● **Problem to work on**:
No pictures belong in the copy. Restate the rest of the data exactly.

(Source data)
+ + +
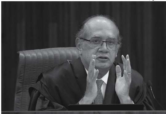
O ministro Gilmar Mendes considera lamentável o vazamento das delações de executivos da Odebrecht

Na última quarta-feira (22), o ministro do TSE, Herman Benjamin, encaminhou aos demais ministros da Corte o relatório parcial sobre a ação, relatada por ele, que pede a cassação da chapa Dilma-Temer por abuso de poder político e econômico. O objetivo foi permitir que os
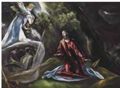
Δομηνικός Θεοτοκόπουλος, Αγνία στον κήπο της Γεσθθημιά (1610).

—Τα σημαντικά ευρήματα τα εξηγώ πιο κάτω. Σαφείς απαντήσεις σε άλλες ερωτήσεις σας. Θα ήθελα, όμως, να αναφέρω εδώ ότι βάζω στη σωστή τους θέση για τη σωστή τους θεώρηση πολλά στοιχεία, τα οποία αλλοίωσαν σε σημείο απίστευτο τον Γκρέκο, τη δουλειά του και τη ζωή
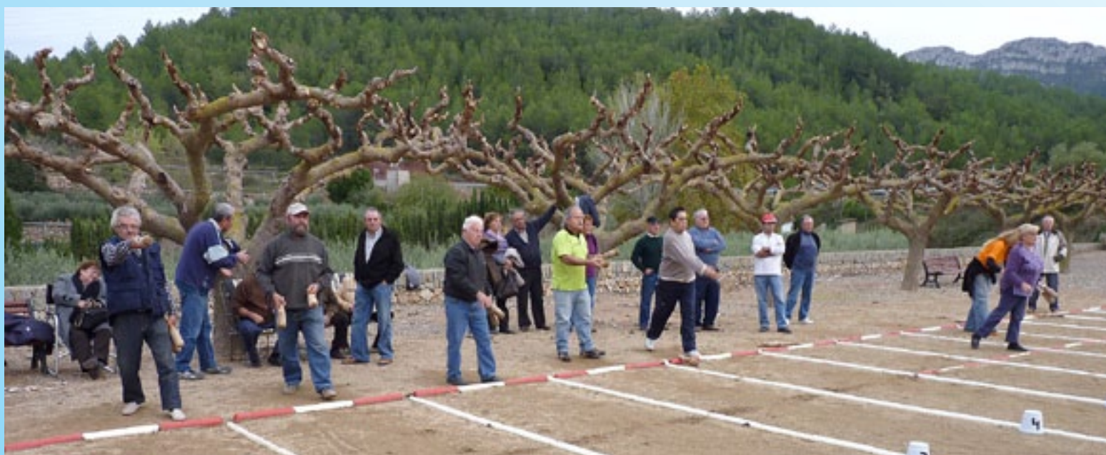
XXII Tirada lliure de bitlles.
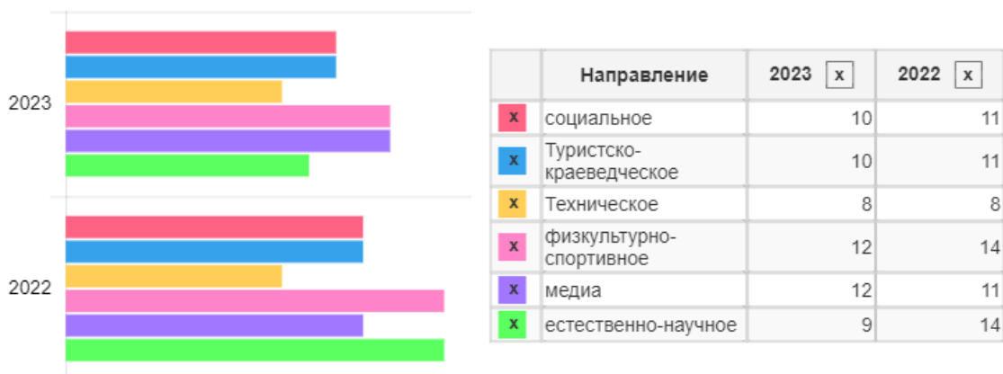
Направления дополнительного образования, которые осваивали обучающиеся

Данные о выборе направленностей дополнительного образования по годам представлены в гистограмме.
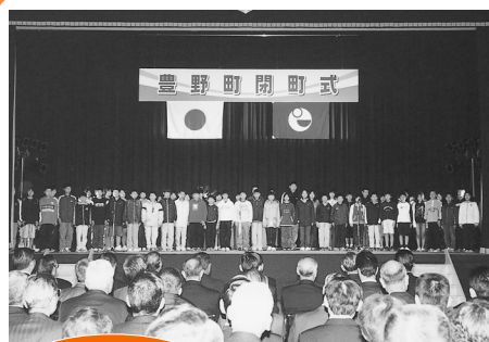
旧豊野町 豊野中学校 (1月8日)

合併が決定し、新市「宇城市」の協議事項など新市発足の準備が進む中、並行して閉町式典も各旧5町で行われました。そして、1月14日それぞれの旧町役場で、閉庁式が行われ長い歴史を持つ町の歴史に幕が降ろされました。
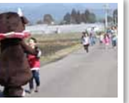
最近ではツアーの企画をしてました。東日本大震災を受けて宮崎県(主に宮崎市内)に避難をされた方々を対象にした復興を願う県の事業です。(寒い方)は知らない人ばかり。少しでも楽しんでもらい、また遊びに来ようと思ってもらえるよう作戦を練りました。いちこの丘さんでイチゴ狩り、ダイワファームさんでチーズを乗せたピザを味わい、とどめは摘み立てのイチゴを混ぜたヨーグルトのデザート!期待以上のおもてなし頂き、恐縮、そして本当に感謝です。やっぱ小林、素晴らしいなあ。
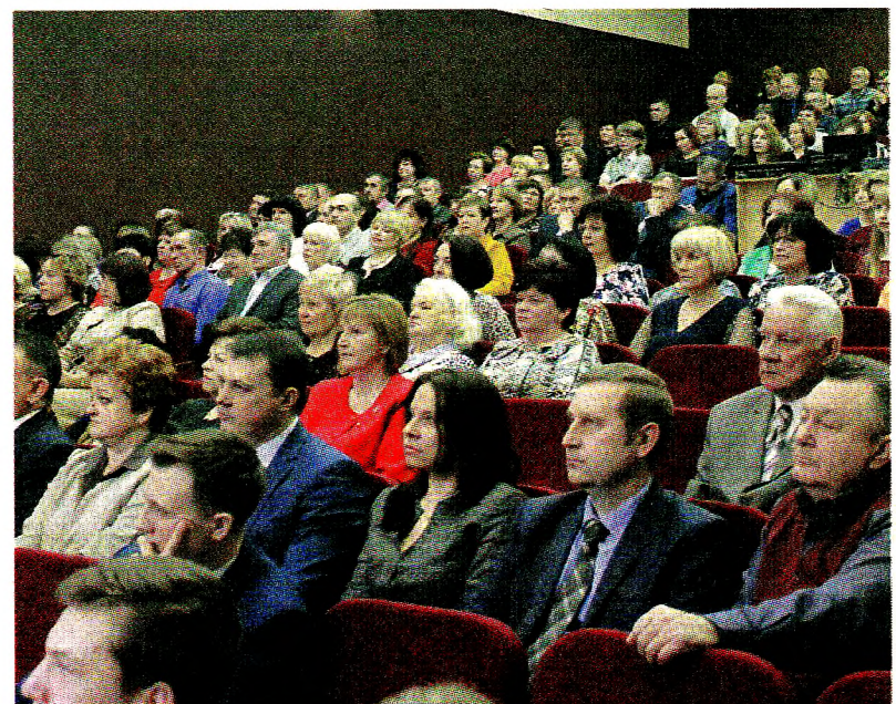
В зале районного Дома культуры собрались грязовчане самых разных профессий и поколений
+ + +
● **Response**:
O ministro Gilmar Mendes considera lamentável o vazamento das delações de executivos da Odebrecht

Na última quarta-feira (22), o ministro do TSE, Herman Benjamin, encaminhou aos demais ministros da Corte o relatório parcial sobre a ação, relatada por ele, que pede a cassação da chapa Dilma-Temer por abuso de poder político e econômico. O objetivo foi permitir que os
Δομηνικός Θεοτοκόπουλος, Αγνία στον κήπο της Γεσθθημιά (1610).

—Τα σημαντικά ευρήματα τα εξηγώ πιο κάτω. Σαφείς απαντήσεις σε άλλες ερωτήσεις σας. Θα ήθελα, όμως, να αναφέρω εδώ ότι βάζω στη σωστή τους θέση για τη σωστή τους θεώρηση πολλά στοιχεία, τα οποία αλλοίωσαν σε σημείο απίστευτο τον Γκρέκο, τη δουλειά του και τη ζωή
XXII Tirada lliure de bitlles.
Направления дополнительного образования, которые осваивали обучающиеся

Данные о выборе направленностей дополнительного образования по годам представлены в гистограмме.
旧豊野町 豊野中学校 (1月8日)

合併が決定し、新市「宇城市」の協議事項など新市発足の準備が進む中、並行して閉町式典も各旧5町で行われました。そして、1月14日それぞれの旧町役場で、閉庁式が行われ長い歴史を持つ町の歴史に幕が降ろされました。
最近ではツアーの企画をしてました。東日本大震災を受けて宮崎県(主に宮崎市内)に避難をされた方々を対象にした復興を願う県の事業です。(寒い方)は知らない人ばかり。少しでも楽しんでもらい、また遊びに来ようと思ってもらえるよう作戦を練りました。いちこの丘さんでイチゴ狩り、ダイワファームさんでチーズを乗せたピザを味わい、とどめは摘み立てのイチゴを混ぜたヨーグルトのデザート!期待以上のおもてなし頂き、恐縮、そして本当に感謝です。やっぱ小林、素晴らしいなあ。
В зале районного Дома культуры собрались грязовчане самых разных профессий и поколений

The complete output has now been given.